Confusion about writing/reading and decoding frames and frame formats - two way ranging

In the application note “APS013: DW1000 and two-way ranging”, pg 6 - section 2.3.1 “General ranging frame format” there is a brief explanation of the frame format set out in the 802.15.4-2011 std.

Seeing as I don’t have a copy of the standard, nor would I fancy spending 255USD in acquiring this document, and Decawave’s documentation doesn’t provide a clear understanding of this issue beyond auto-appending of the FCS octet, I am turning to the forums for clarification.

Is anyone able to share information regarding the following:

  • In fig 4, there are hex values underneath the Frame Control and PAN ID octets, are these default values?

  • How much of these raw frames must be written/read by the host? Are we only meant to write the message portion? If note, is there any portion of the frame that is extracted from other registers (apart from the automatically incremented sequence number and the auto-generated CRC placed in the FCS octect) i.e. PAN ID, FC (Frame Control), Dest Addr, Src Addr etc… ?

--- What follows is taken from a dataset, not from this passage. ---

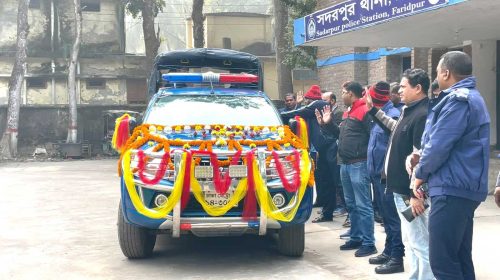 সুসজ্জিত গাড়িতে কনস্টেবলের রাজকীয় বিদায়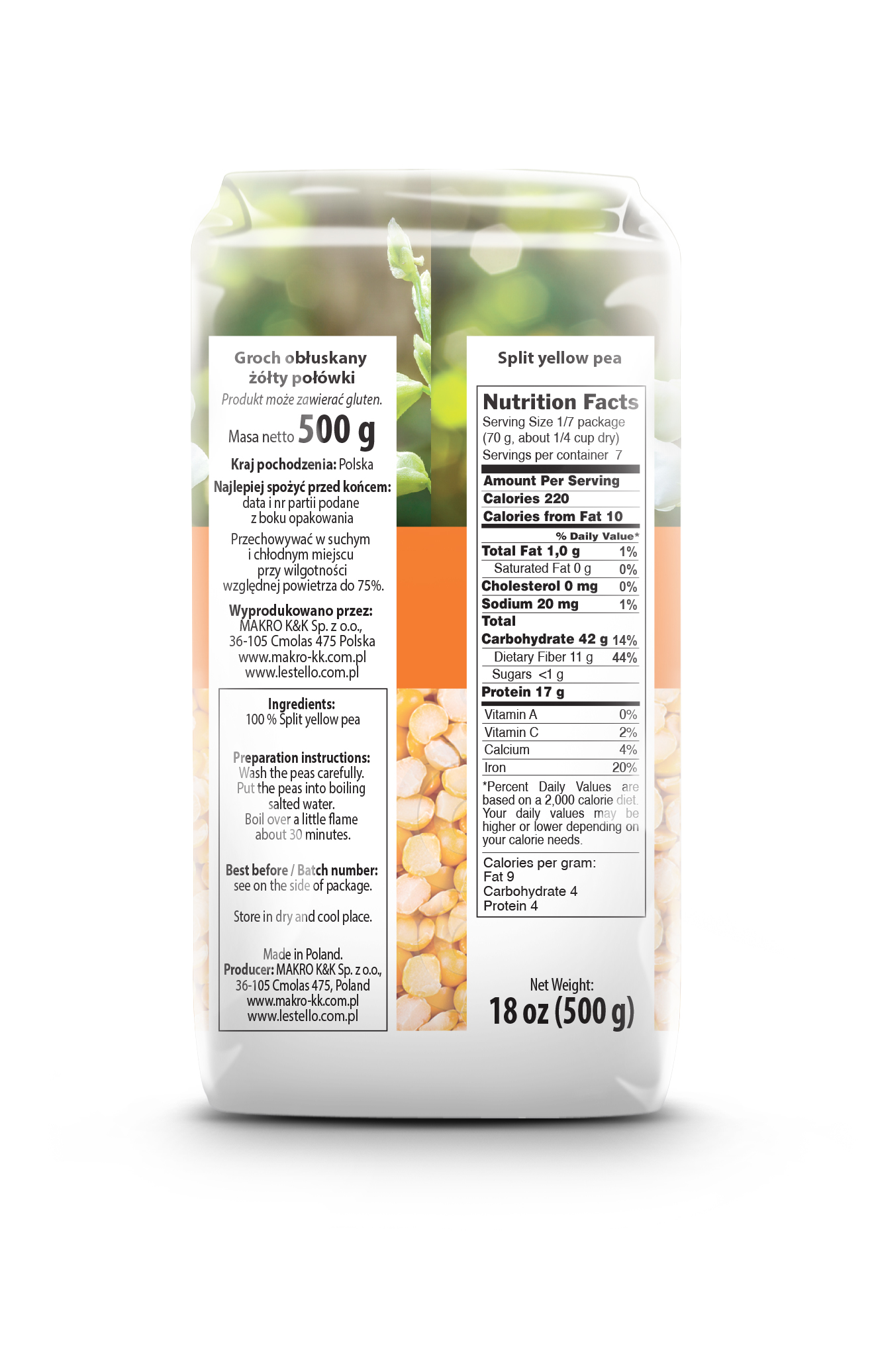 | Składniki | 100% groch łuskany. produkt może zawierać gluten. |

  • If configuring a raw frame is necessary, does anyone have the bit encodings for the Frame Control, PAN ID, Dest Addr, Src Addr octets? Most importantly the Frame Control octets.

  • On a slightly related note: if writing and reading raw frames is not necessary, is a ‘range init’ frame sent automatically or does the host need to decode the blink frame and respond?

Any information or guidance would be greatly appreciated.

Kind Regards,
medicineman25

Ok so I can see now that the entire raw frame needs to be written. That’s fine.

However, I am still at a loss as to the MAC headers for each message format. If anyone could share this information that would be great, because I’m not shelling out $500 for two standards (one an amendment) that I don’t actually need, outside of one small piece of information that quite frankly: should have been freely distributed with this product.

The way I look at it is that if you need to be compatible with the standard then buying a copy is probably a good idea, if not for this detail then for other details at higher levels within the protocol.

If you don’t need to be compatible with the standard then do whatever you want and don’t worry about it.

Yeh definitely, I get that a payload can be arbitrary or to a standard… but so what you’re saying is this portion of the frame has precisely zero bearing on anything functionality-wise except standards compliance?

Ok cool. I’ll just do something arbitrary for dev until I need compliance.